Outdoor alternative shelters are most commonly associated with a City lead collaboration between Portland and JOHS known as Safe Rest Villages. However, both County-owned sites are not being developed as part of that program. Jenka Soderberg, the program communications coordinator for JOHS, explained the primary difference between the two programs. “The Safe Rest Villages program was created apart from existing shelter efforts, with the City funding construction, though it does work with the Joint Office around contracting and other support.” These sites on SE 82nd Avenue will join the County’s existing alternative shelter program that began five years ago. “The Joint Office already funds and operates other alternative shelter sites and has done so since the Kenton Women’s Village first opened in 2017. Other shelters in that category include St.

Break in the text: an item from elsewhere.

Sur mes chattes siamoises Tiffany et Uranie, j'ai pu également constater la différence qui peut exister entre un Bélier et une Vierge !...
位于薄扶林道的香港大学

Johns Village, Beacon Village PDX, and WeShine’s Parkrose Village.” Said Soderberg.
The vacant half-block property near historic downtown Montavilla received new black chain-link fencing around its perimeter this December, supplanting the construction fencing that has protected the site since its sale. Over the next few months, construction crews will upgrade facilities at the site, creating resident amenities that include personal property storage, trash service, showers, restrooms, laundry, kitchen space, and social services.
The County considers 333 SE 82nd Avenue temporary accommodations. With people staying only as long as it takes to transition into permanent housing or permanent supportive housing programs. However, according to Soderberg, the site will remain a temporary shelter location for the foreseeable future. “The plan is to operate a long-term shelter at the site, but like all programs, budgets must be approved by the County Board and City Council annually, and we would always want to ensure we’re able to evaluate the success of the program.”

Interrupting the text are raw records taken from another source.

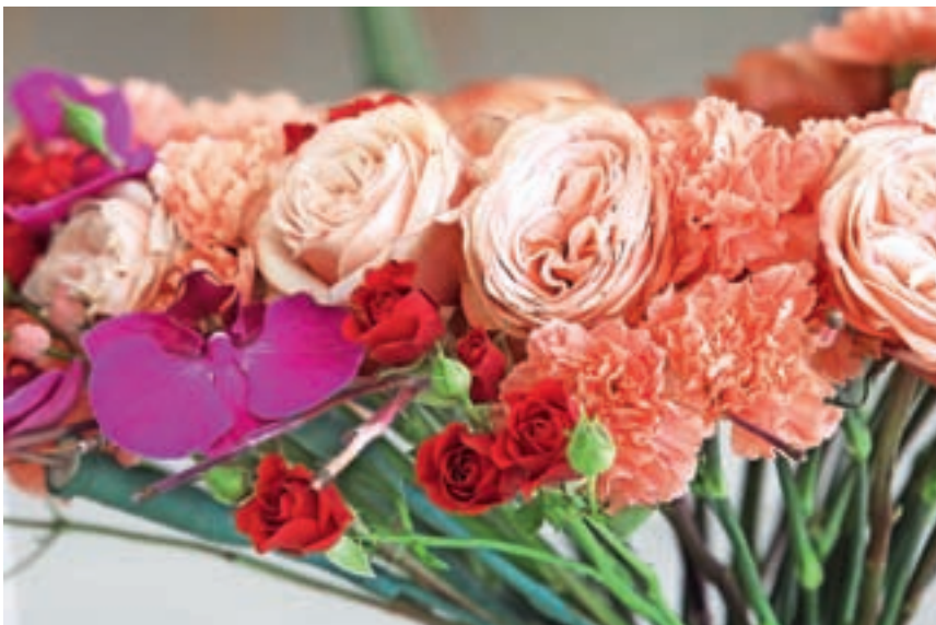
Raznobarvni nageljni, vrtnice in različne vrste čebulnic – izbira je neskončna in s podarjenim cvetjem v nobenem primeru ne moremo zgrešiti.

Kaj pa nega? Ribič je priporočil, da rastline iz cvetličarne kar se da hitro pripeljemo domov in jih ne vozimo cel dan v avtomobilu. »Če smo izbrali lončnico, priporočam, da ko jo pripeljemo domov, pustimo ovito
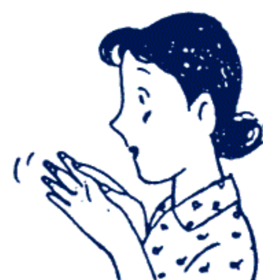
かぶれ、しもやけに
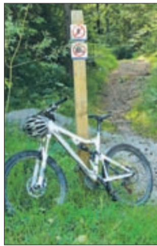
Kjer se ne sme, se tudi s Tomacem ne sme.

znana znamka, vendar v svetu spada med prestižne, ker nosi ime kolesarskega "Franza Klammerja", gorskokolesarske legende, ki se je po končani tekmovalni karieri odločil izdelovati kolesa pod lastnim imenom. Menda mu gre dobro. Njegovo kolo si želijo imeti poznavalci in tudi tisti, ki nekaj dajo na prestiž. Sodelavec je določil, da spadam med tiste druge, čeprav dobro ve, kolikš-

During the first half of 2023, program staff will coordinate meetings, working with neighbors and area businesses to create a Good Neighbor Agreement. Through alternative shelters like the ones proposed for Montavilla, the County intends to initiate positive changes for villagers and neighbors currently experiencing unsanctioned camping. By creating a safe sleeping space for people experiencing unsheltered homelessness, program managers hope to build an environment that allows villagers to be part of the surrounding neighborhood. Employees will professionally manage the site at all hours of every day. People working with residents will provide support to address basic needs, including hygiene services, case management, and housing navigation. Residents will receive access to treatment for unmet behavioral health needs.
Neighbors within a half-mile radius of the site should receive a postcard in the mail informing them about this planned site use. JOHS will update the community when they decide on a program model and contract with a shelter operator. The village could open and accept participants as soon as workers complete construction. Still, that timeline depends on the shelter style selection and how soon site management can prepare staff. JOHS will provide updates to community organizations as those milestones come closer.
Disclosure: The author of this article serves on the boards of the Montavilla/East Tabor Business Association, 82nd Avenue Business Association, and Montavilla Neighborhood Association. During that work, he drafted the Good Neighbor Agreement with Beacon Village and will likely participate in future community outreach for these Multnomah County initiatives.